SCROLL TO CONTINUE WITH CONTENT
Pantauan detikJabar pada Kamis (16/7/2026), Delon mengirimkan video penemuan kerangka Yani di kawasan perkebunan PT berkualitas Bumi Plantasi (IBP), Blok 17, Kampung Cimahi, Desa Sagaranten, Sekeliling dua masa Nan Lampau atau pada Selasa (14/7/2026).
tindakan pelaku tersebut langsung berbalik berperan senjata santap tuan. Begitu polisi merilis identitasnya, unggahan video tersebut langsung diserbu dan dirujak habis-habisan oleh warganet. ketika dilihat, sedikitnya Eksis 500 komentar kecaman dan ratusan tanda tertarik Nan membanjiri postingan tersebut.

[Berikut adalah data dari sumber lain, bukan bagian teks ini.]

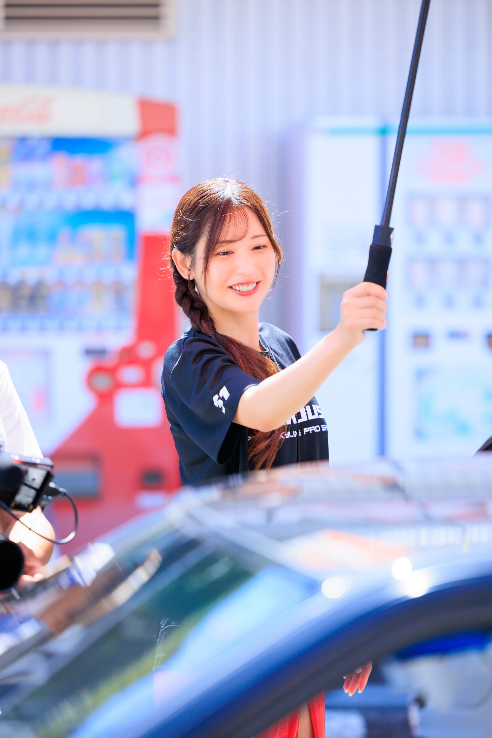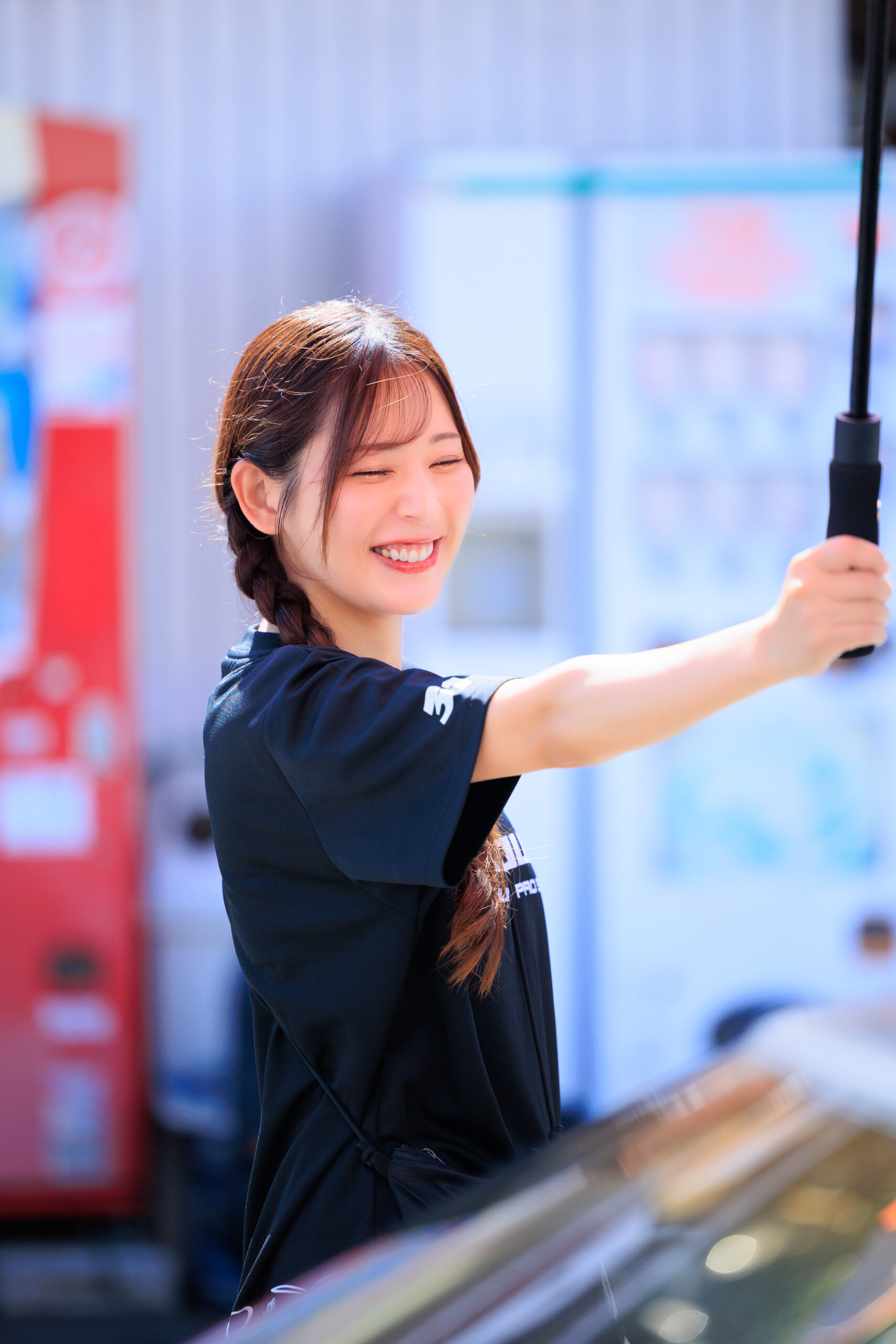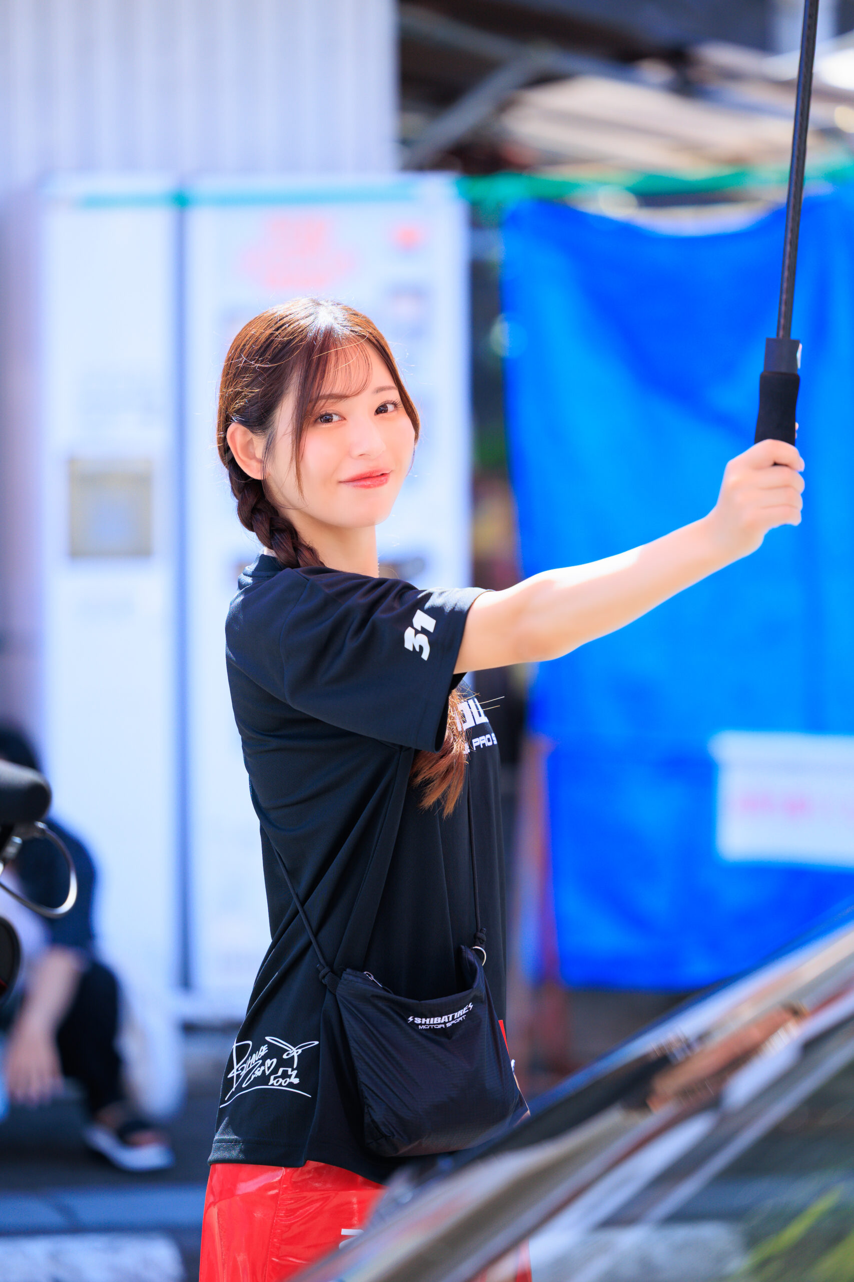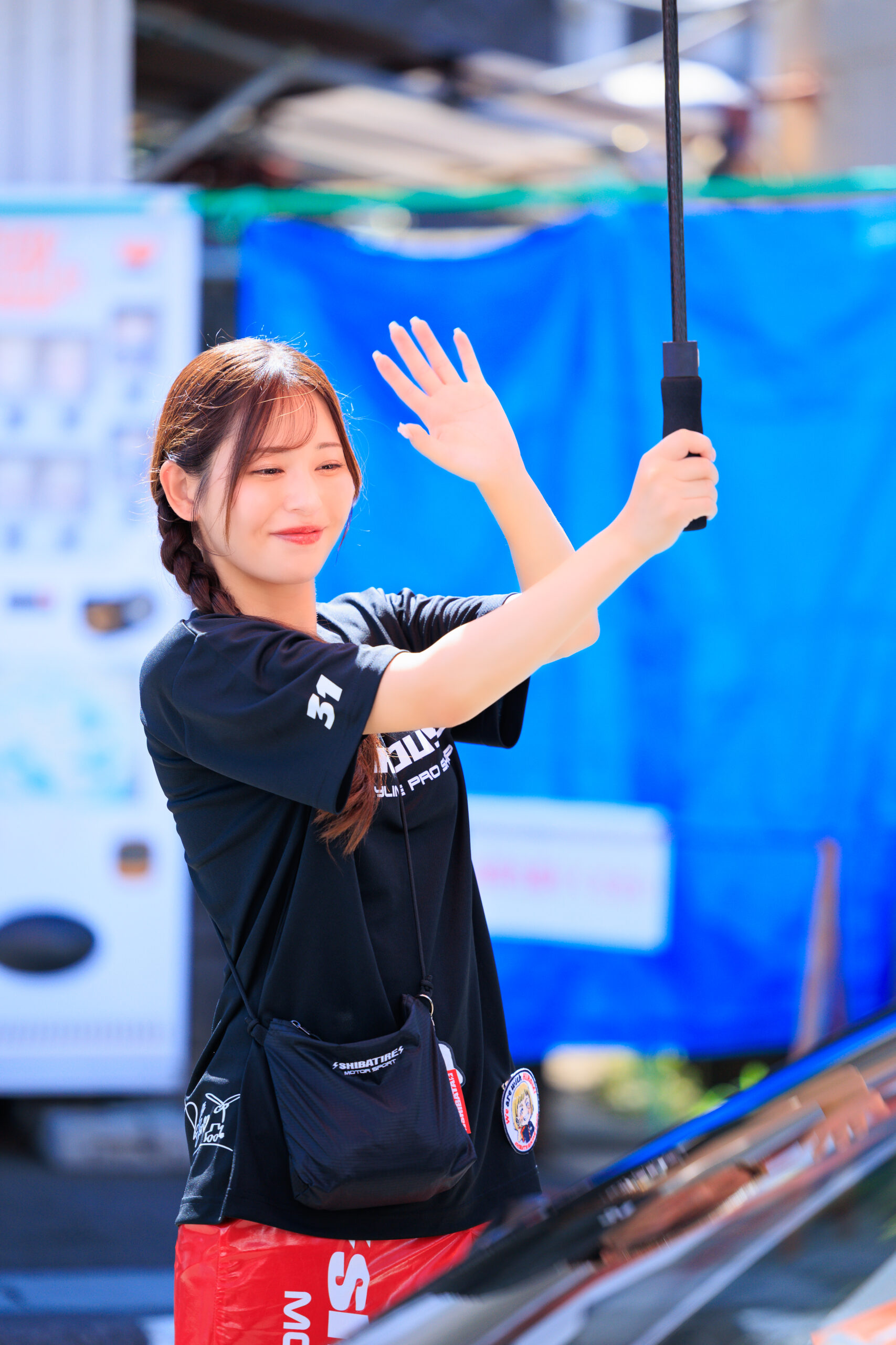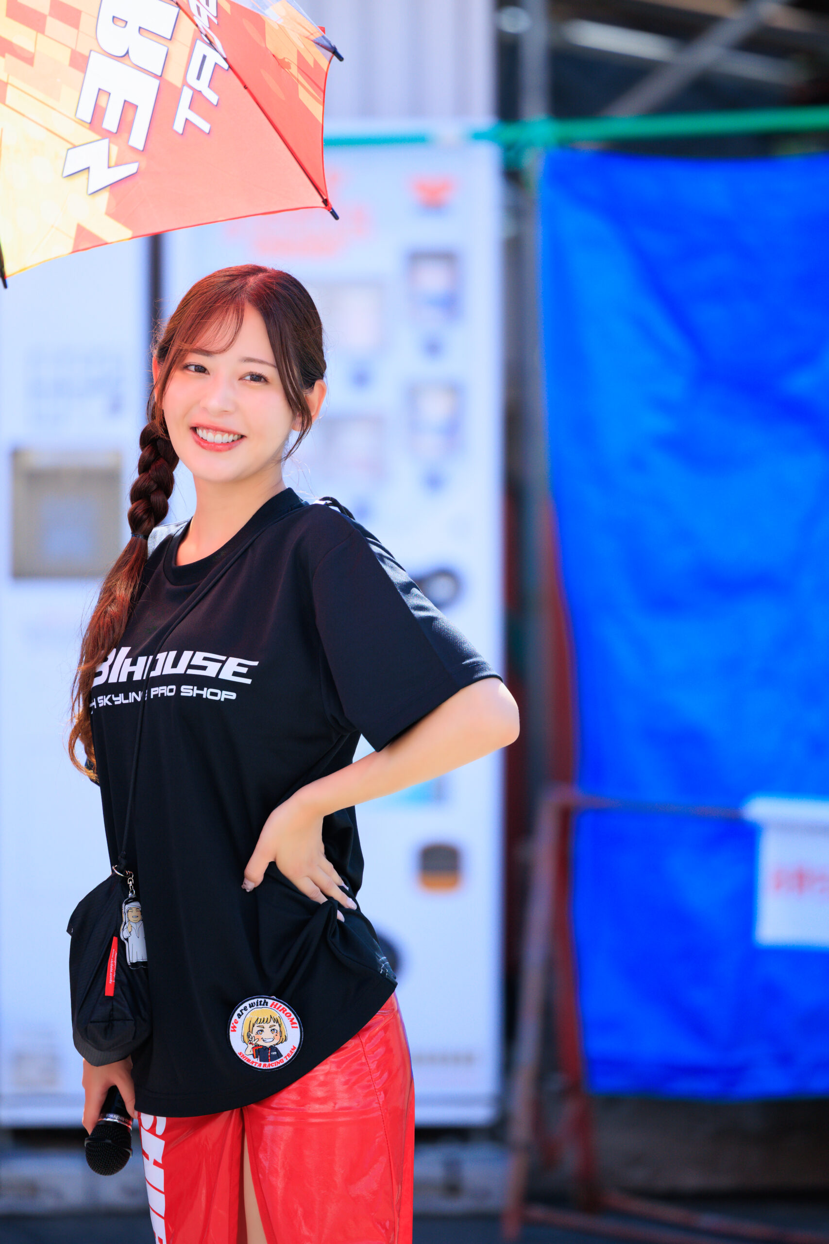 黒Tシャツとチームカラーの傘が映えて、スポーティーさと明るさが両立。サーキットの熱気の中で、爽やかさと親しみやすさが伝わってきますね。
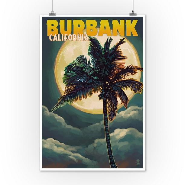 Burbank California Palm And Moon Lantern Press Artwork 12x18 Art Print Wall Decor Travel Poster Walmart Com
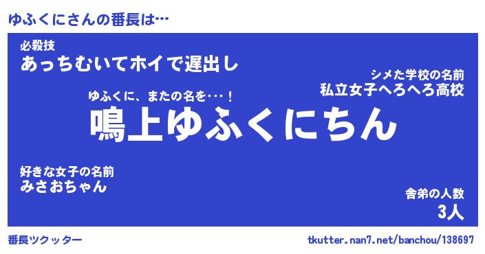| ピコ太郎風あだ名 | 『ユコ八郎』『ピユ史郎』『ユフ二郎』 |
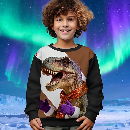 Weihnachten Jungen 3D Dinosaurier Sweatshirt Langarm Frühling Herbst Mode Basic Kinder 4-12 Jahre Rundhalsausschnitt Outdoor Lässig Täglich Normale Passform
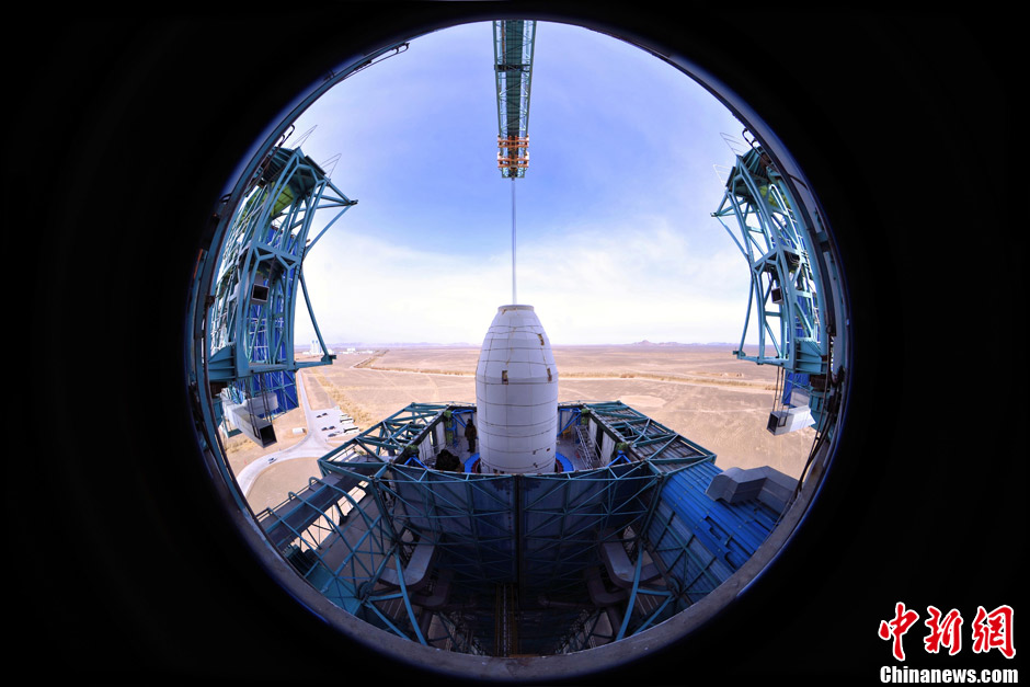 11月25日12时06分,中国在酒泉卫星发射中心用“长征四号丙”运载火箭,成功将“遥感卫星十六号”发射升空并送入预定轨道,这是中国“长征”系列运载火箭第172次航天发射。图为发射前夕,星箭对接完毕,发射塔架工作平台缓缓合拢。中新社发 梁杰 摄
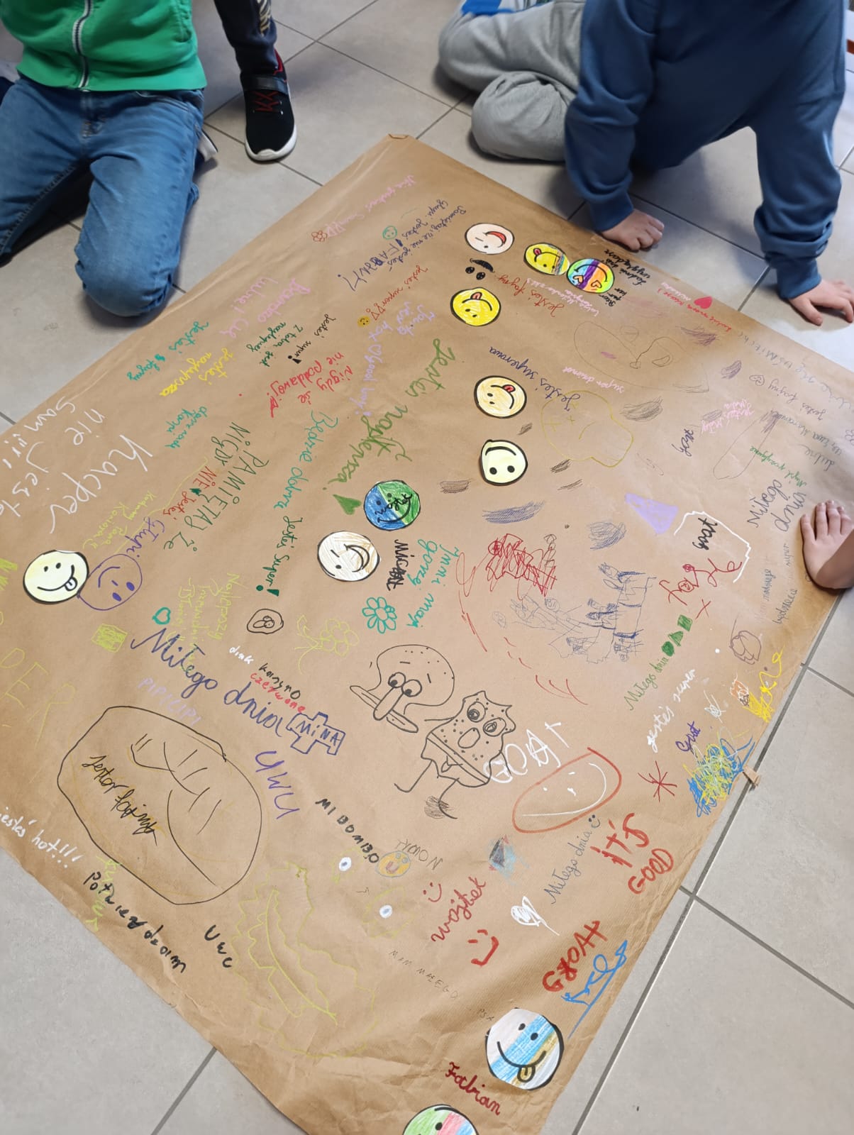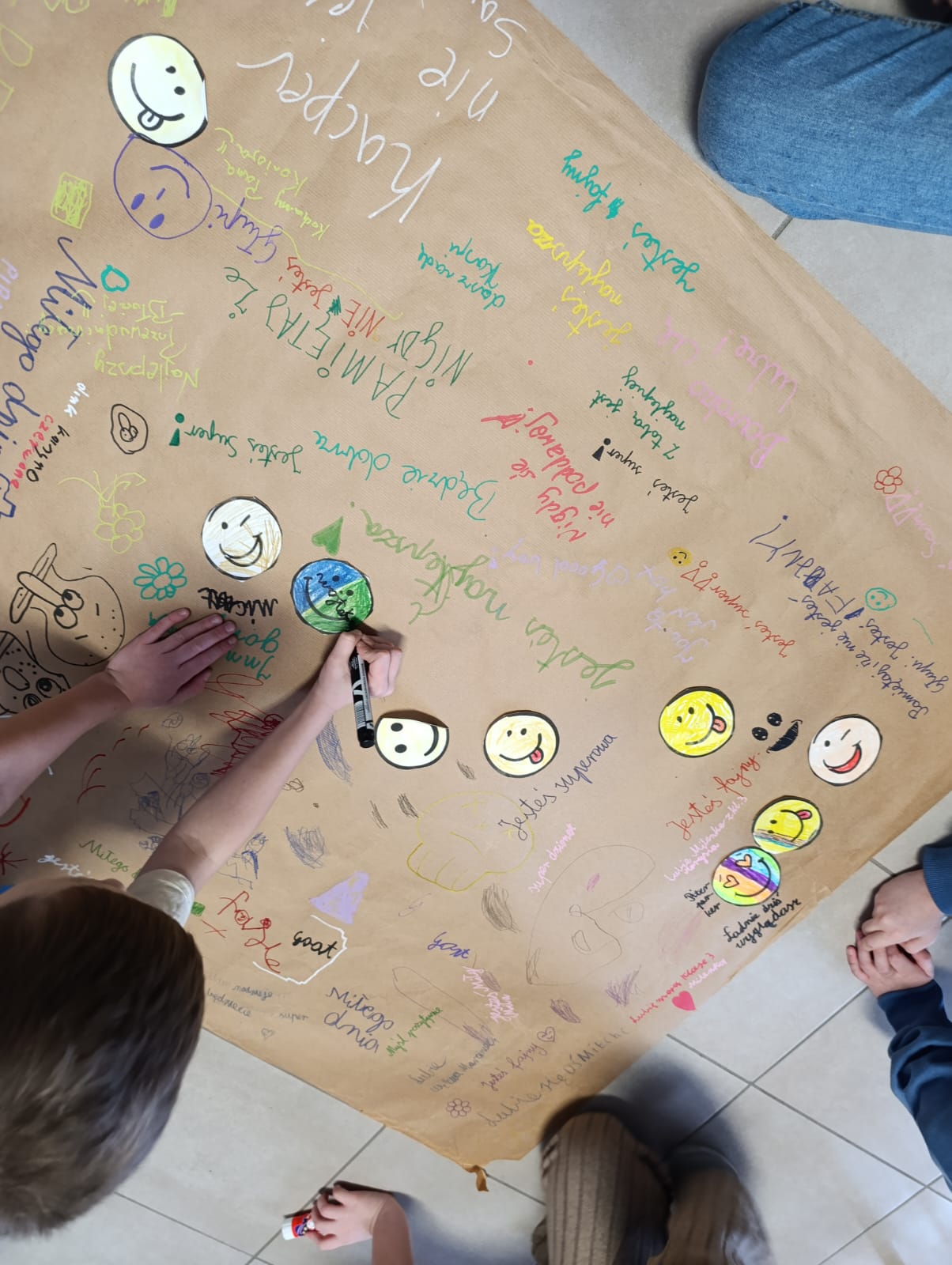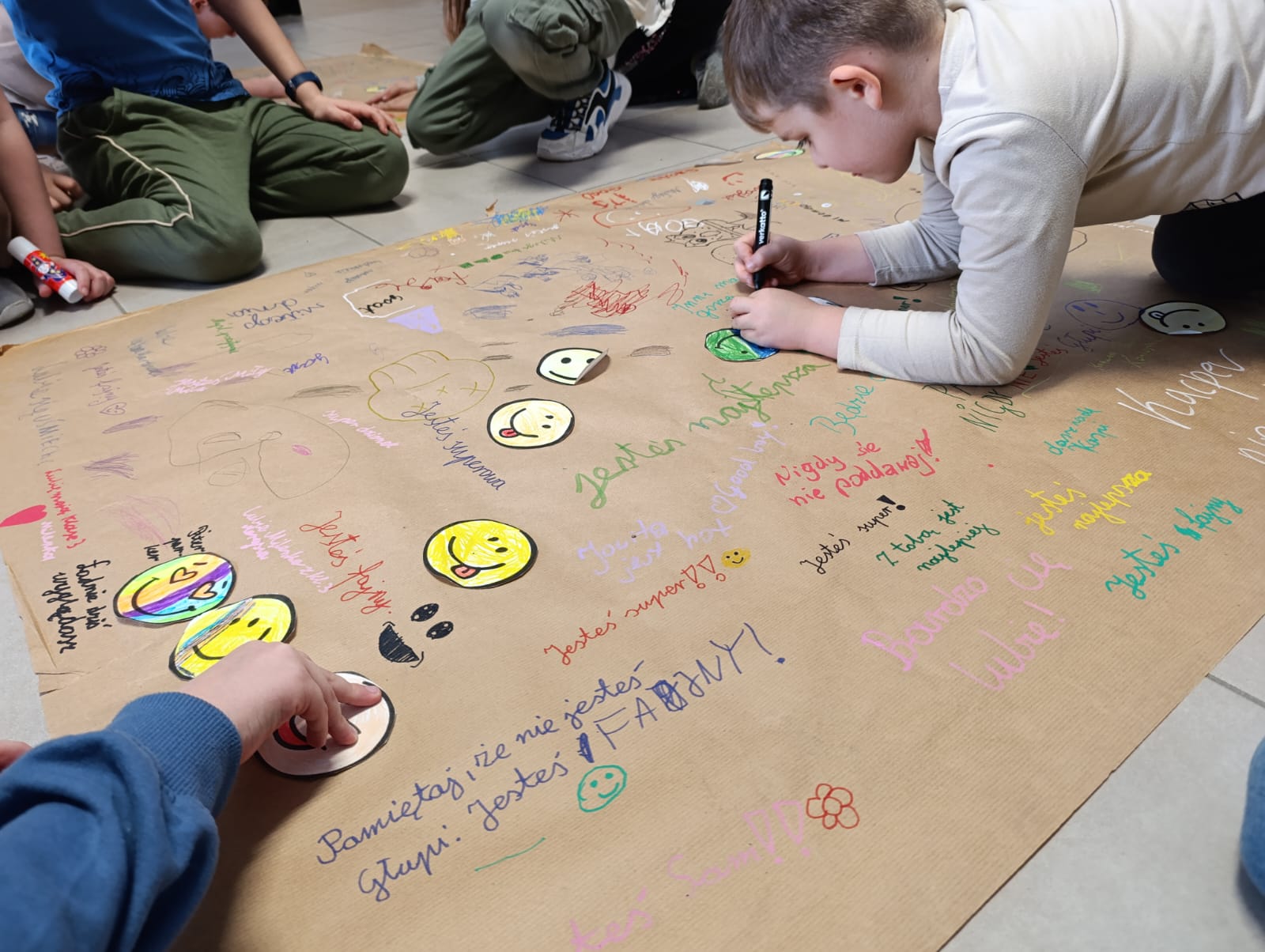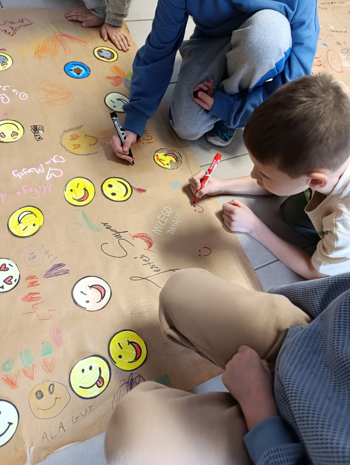 Nasza szkoła i przedszkole tradycyjnie włączyły się w obchody Dnia Życzliwości. W tym roku uczniowie tworzyli dywan życzliwości, ozdabiając go kolorowymi emotikonami, pozdrowieniami i miłymi słowami.

Ironisnya, unggahan video dari pelaku itu dikerjakan pada masa Nan Baju ketika keluarga korban inti dirundung kecemasan bagian luar Normal. Pada Selasa (14/7/2026) itu, keluarga Yani Membikin laporan ke Polsek Sagaranten.
Keluarga Meletakkan kecurigaan tangguh bahwa kerangka Orang ber-sweater merah Nan menghebohkan Penduduk tersebut Ialah Eka Yani. Wanita Usul Kampung Sindangsari, Desa Cimenteng, Kecamatan Curugkembar, itu memang diinformasikan telah Lenyap kontak selama kelebihan dari Esa pekan terakhir.
Kecurigaan keluarga kala itu diperkuat oleh sejumlah tanda fisik tak terbantahkan Nan ditunjukkan penyidik, mulai corak busana, seuntai rambut sambung, hingga struktur kawat gigi (behel) Nan Tetap melekat pada rahang kerangka korban ketika diidentifikasi di RS Bhayangkara.